Signal-to-noise ratio is often expressed in terms of heritability. a heritability of 1 means the trait is 100% heritable (such as blood type). As an example, height has a heritability of 0.3 So you mean: "low heritability of the characters affected by the genes under discussion". Fair enough --- you may introduce what terms you like so long as you define them. I still can't see where you're going with this, though.
They are not neutral, they are nearly-neutral (neutral mutations don't exist, see kimura). That would be Kimura the founder of neutralism and the author of The Neutral Theory of Molecular Evolution, yes? Can you quote him as saying that there are no neutral mutations? (Hint: no.) Can you quote him as saying that all near-neutral mutations are harmful? (Hint: no.) Can you quote him as saying:
Although much progress has been made in biology since Darwin's time, his theory of natural selection still remains as the only scientifically acceptable theory to explain why organisms are so well adapted to their environments. (Hint: yes.) Can you quote him as saying:
Our civilization would be pitifully immature without the intellectual revolution led by Darwin. (Hint: yes.) It's possible that he understands the implications of his work better than you do.
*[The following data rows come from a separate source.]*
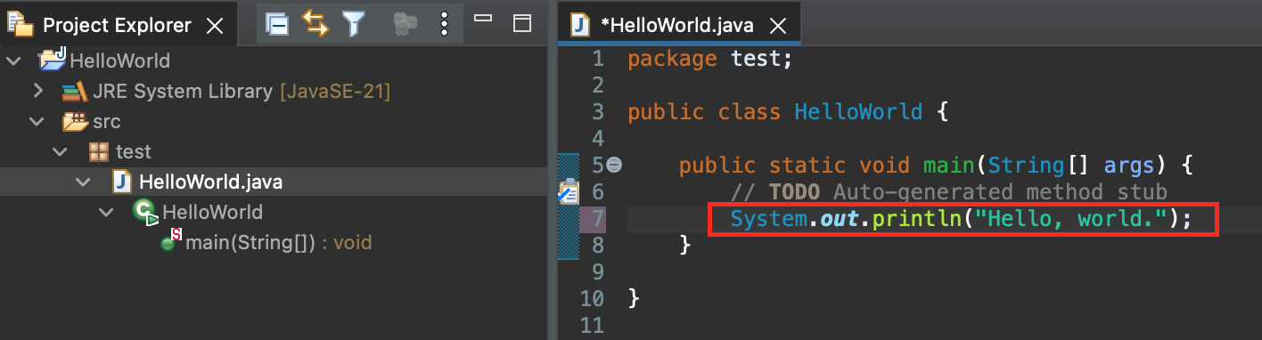 HelloWorld.java 파일이 생성 되면, 아래와 같이
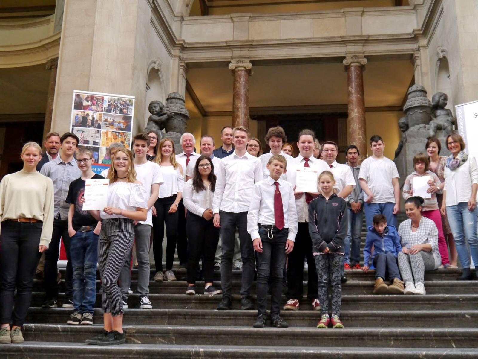 Die Urkunden wurden gemeinsam von der Niedersächsischen Landesschulbehörde und der Landeshauptstadt Hannover an die Schülerinnen und Schüler sowie Lehrkräfte und Schulleitungen überreicht. Als Vertreterinnen und Vertreter der Landesschulbehörde waren Ulrike Rehn, Fachdezernentin Berufsorientierung, Carsten Schröder, Landesfachkoordinator für Nachhaltige Schülerfirmen, und Ocke Dethlefsen, Regionalkoordinator für nachhaltige Schülerfirmen und Schülergenossenschaften, vor Ort. Seitens der Landeshauptstadt Hannover nahmen Susanne Wildermann, Leiterin des Agenda 21- und Nachhaltigkeitsbüros, und Udo Büsing, der die nachhaltigen Schülerfirmen im Rahmen der Bildungsarbeit betreut, teil.
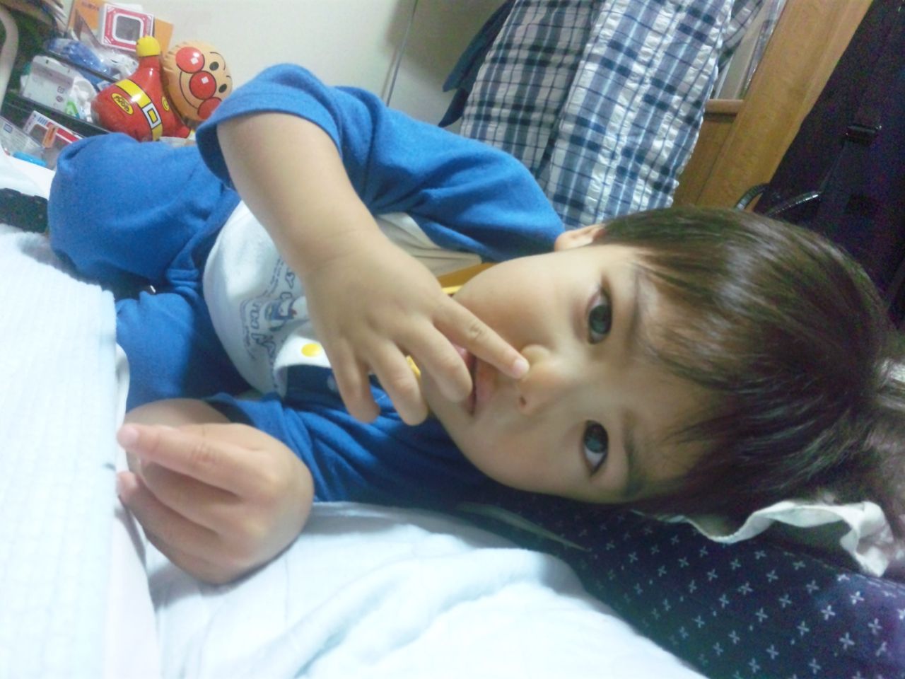 お迎えに行くと、ぐったりしてたのでまた発熱?!と思ったら、
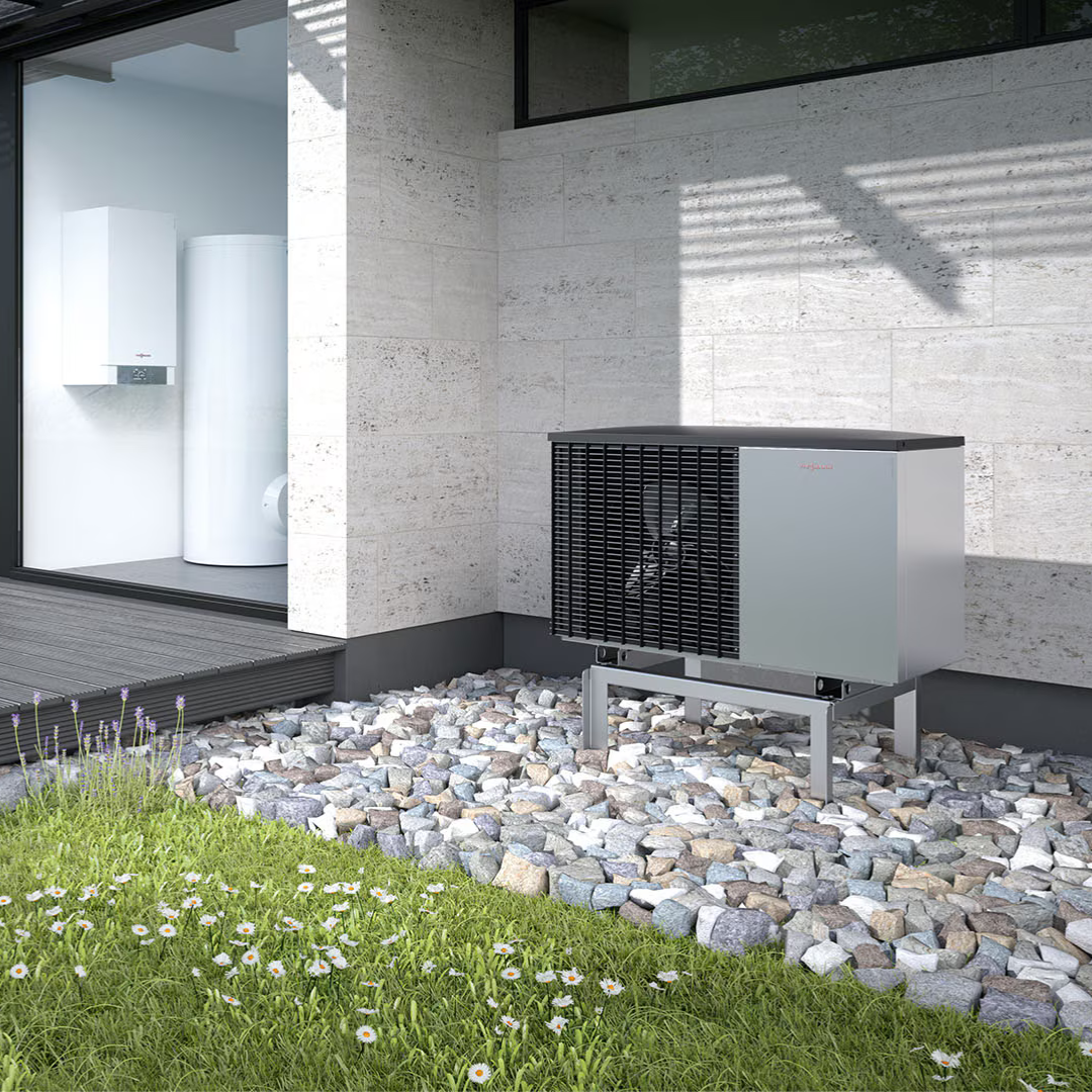 Pompa de căldură cu sursă de aer Vitocal 200-S utilizează căldura disponibilă gratuit în aerul exterior. Acest lucru garantează o alimentare cu căldură rentabilă și responsabilă din punct de vedere ecologic. Opțional, puteți utiliza pompa de căldură și pentru răcire în timpul verii.
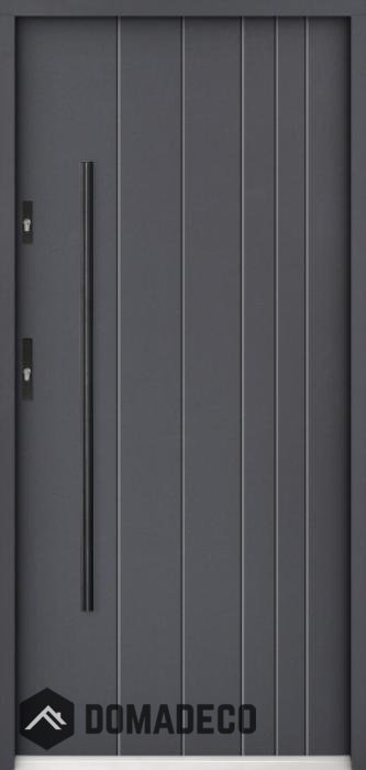 De deur is gemaakt van roestvrij staal. Binnenin is het gevuld met PUR-polyurethaanschuim en hout. De dikte van het deurblad is 55mm. Dubbel afdichtingssysteem - één afdichting bevindt zich in de opening van het kozijn en de andere bevindt zich in het ondersteunende deel van het deurblad. Dit vermindert trillingen en beschermt jouw huis tegen warmteverlies. Het volume verandert niet vonder invloed van atmosferische omstandigheden. Het kozijn heeft in de scharnierdelen en de vergrendelingspunten anti-inbraakversterkingen.
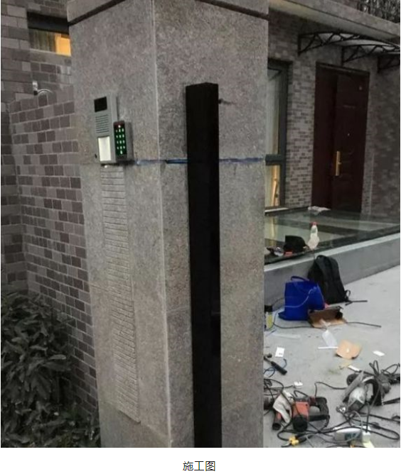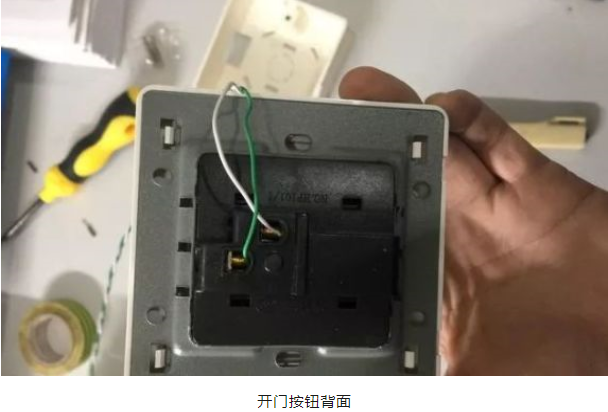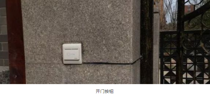 这就接完了,编程这里就不说了,说明书都有,客户回家刷卡或密码开门,或者按门铃家里人也可以从室内门铃上按开门键开门。出来的话直接按开门按钮门就开了。
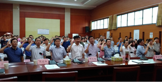 会议在庄严雄壮的国歌声中开幕,全体干部起立,奏唱了中华人民共和国国歌。

Maybe a quote from Muller will make it a little more clear: If that is Muller talking about Muller's ratchet, then he is, by definition of Muller's ratchet, talking about organisms that reproduce asexually. Such as bacteria. Incidentally, that's H. J. Muller, yes? The guy who described The Origin Of Species as "the greatest book ever written"?
I hope this makes it clearer. For the mutations to accumulate in the population, they most be selectable. In order for them to be selectable, signal-to-noise ratio most be high. So bacterias (and yeast), due to very small noise, have practically no accumulations of deletirious mutations. So now not only do these extinction-causing mutations have very little effect, but they don't always have all or any of the very little effect that they have. But they can still make a species go extinct.
So bacterias (and yeast), due to very small noise, have practically no accumulations of deletirious mutations. Do you have any evidence for this claim? Are you aware that Muller, whom you just quoted with apparent approval, completely disagrees with you? Once more, I urge you to look up the phrase "Muller's ratchet" and find out what it actually means.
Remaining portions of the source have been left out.